Maju Mundur Penerapan HET Beras (M HUSEIN SAWIT)

Pemerintah telah menerbitkan peraturan terbaru dan menetapkan harga eceran tertinggi baru untuk beras yang berlaku sejak 1 September 2017.

Pemerintah menetapkan  harga eceran tertinggi (HET) beras yang dibedakan menurut kualitas beras dan wilayah produksi. Pemerintah juga menyiapkan sanksi bagi produsen dan pedagang yang menjual beras di atas HET.

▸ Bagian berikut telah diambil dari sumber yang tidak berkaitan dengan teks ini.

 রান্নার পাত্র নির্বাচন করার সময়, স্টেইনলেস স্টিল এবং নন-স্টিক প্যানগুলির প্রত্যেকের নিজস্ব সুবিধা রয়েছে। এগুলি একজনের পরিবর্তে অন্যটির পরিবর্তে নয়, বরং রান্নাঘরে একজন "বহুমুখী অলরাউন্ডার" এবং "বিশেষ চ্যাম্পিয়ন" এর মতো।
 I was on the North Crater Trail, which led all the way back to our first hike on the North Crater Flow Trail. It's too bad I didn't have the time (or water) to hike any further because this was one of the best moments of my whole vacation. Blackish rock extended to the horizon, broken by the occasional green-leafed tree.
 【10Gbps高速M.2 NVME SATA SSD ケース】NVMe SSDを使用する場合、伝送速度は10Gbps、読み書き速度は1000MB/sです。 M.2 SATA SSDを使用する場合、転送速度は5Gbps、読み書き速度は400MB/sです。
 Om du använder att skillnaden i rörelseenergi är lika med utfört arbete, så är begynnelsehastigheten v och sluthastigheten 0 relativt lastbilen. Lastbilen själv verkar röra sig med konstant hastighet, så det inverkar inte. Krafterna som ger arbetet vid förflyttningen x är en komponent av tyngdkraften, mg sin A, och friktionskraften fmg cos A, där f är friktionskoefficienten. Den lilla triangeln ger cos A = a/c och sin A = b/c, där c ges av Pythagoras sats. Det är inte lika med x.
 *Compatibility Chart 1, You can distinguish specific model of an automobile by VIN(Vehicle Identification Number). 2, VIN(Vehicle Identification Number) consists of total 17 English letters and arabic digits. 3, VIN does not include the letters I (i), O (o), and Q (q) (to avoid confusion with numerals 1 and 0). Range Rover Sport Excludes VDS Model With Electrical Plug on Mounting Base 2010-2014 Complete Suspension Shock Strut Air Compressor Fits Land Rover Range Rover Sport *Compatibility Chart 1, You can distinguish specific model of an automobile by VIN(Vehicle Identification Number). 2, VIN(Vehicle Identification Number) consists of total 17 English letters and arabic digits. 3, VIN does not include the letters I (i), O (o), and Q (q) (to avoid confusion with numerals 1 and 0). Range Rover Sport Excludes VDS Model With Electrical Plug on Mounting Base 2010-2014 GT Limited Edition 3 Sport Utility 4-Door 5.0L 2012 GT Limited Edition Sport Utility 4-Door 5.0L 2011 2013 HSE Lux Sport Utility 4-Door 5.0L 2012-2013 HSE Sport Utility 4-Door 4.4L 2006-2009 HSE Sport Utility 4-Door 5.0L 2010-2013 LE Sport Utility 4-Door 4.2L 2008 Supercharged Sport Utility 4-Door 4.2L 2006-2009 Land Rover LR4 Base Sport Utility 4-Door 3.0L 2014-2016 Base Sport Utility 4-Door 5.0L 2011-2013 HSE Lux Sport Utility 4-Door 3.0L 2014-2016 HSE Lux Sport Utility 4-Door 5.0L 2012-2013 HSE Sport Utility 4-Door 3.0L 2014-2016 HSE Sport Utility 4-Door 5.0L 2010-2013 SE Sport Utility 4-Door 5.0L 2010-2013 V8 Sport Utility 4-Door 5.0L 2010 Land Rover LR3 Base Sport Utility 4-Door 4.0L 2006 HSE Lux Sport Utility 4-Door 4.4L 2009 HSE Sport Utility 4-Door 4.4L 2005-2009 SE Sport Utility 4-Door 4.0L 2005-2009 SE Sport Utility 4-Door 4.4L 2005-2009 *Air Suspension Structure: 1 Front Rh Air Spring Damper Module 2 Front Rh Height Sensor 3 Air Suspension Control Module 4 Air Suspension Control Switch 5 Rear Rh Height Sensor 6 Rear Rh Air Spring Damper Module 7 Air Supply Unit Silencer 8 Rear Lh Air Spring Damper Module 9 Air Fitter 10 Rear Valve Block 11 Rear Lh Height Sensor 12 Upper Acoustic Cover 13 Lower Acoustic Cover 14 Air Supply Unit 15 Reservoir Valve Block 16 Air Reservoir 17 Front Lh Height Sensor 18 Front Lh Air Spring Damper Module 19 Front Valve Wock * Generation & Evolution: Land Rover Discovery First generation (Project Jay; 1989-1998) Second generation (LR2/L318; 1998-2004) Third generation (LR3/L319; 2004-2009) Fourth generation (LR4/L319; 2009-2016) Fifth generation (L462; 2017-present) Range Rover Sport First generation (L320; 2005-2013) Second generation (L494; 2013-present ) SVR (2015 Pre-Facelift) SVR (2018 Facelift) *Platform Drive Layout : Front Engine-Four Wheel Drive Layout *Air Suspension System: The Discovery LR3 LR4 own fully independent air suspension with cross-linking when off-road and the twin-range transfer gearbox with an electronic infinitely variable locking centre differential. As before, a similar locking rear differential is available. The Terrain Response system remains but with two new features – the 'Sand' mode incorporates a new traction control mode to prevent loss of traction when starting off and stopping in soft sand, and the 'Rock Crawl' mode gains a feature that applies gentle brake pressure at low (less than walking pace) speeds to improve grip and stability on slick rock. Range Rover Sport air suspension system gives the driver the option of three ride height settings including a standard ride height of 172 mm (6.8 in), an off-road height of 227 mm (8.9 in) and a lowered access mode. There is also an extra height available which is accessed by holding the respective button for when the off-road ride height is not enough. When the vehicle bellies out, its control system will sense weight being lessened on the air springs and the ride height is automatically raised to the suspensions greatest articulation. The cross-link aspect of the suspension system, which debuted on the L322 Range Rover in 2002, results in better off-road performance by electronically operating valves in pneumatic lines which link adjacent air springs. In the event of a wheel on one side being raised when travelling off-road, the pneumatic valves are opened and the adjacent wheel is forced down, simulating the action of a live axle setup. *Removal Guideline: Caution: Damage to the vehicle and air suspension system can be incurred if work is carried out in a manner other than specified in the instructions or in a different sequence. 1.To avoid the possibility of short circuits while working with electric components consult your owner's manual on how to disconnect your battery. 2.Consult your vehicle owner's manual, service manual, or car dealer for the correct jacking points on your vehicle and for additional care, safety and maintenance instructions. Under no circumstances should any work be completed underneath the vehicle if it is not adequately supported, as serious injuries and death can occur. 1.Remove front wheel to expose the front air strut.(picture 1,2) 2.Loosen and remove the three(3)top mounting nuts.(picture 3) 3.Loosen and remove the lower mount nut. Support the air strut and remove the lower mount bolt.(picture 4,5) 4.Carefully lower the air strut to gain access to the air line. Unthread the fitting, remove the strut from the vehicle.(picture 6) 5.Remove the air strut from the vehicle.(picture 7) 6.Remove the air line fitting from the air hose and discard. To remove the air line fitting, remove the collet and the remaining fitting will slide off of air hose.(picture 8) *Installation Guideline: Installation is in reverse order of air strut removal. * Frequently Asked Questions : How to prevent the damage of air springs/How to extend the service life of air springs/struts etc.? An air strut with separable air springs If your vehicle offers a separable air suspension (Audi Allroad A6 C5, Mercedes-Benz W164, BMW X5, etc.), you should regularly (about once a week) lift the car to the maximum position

Sejak Mei 2017 hingga kini telah ada tiga peraturan menteri perdagangan (permendag) yang mengatur hal yang sama. Bulan lalu, Permendag No 47/M-DAG/ PER/7/2017 dibatalkan karena menuai protes dan mengganggu arus perdagangan beras. Lalu, terbit Permendag No 57/M-DAG/ PER/8/2017 tentang HET Beras.

Dengan penetapan HET yang baru, diharapkan harga beras kualitas medium dan premium bisa dikontrol sehingga berpengaruh positif terhadap pengendalian inflasi pangan. Kalau inflasi rendah, suku bunga bisa ditetapkan rendah sehingga secara teoretis dapat mendorong investasi, yang selanjutnya dapat meningkatkan pembangunan ekonomi dan menciptakan lapangan kerja.  

Akan tetapi, kalau penetapan HET tidak wajar dan dipaksakan untuk menekan margin pemasaran agar rendah, maka risiko usaha penggilingan padi (PP) dan pelaku usaha beras menjadi tinggi. Sebab, pengurangan margin tersebut bukan berasal dari peningkatan efisiensi pada kegiatan pemasaran, terutama pengeringan, transportasi, penggilingan, dan biaya modal. Lantas, bagaimana masa depan industri penggilingan padi kecil  (PPK) dan petani padi setelah penetapan HET?

Produsen beras

Pemerintah menetapkan perbedaan HET beras antarwilayah hanya mempertimbangkan ongkos angkut, padahal biaya pemasaran beras tidak hanya ongkos transportasi, tetapi juga harga dan kualitas gabah kering panen (GKP), biaya pengeringan dan penggilingan, biaya distribusi, serta biaya modal kerja yang berbeda  satu tempat dengan tempat lain meski di wilayah sama.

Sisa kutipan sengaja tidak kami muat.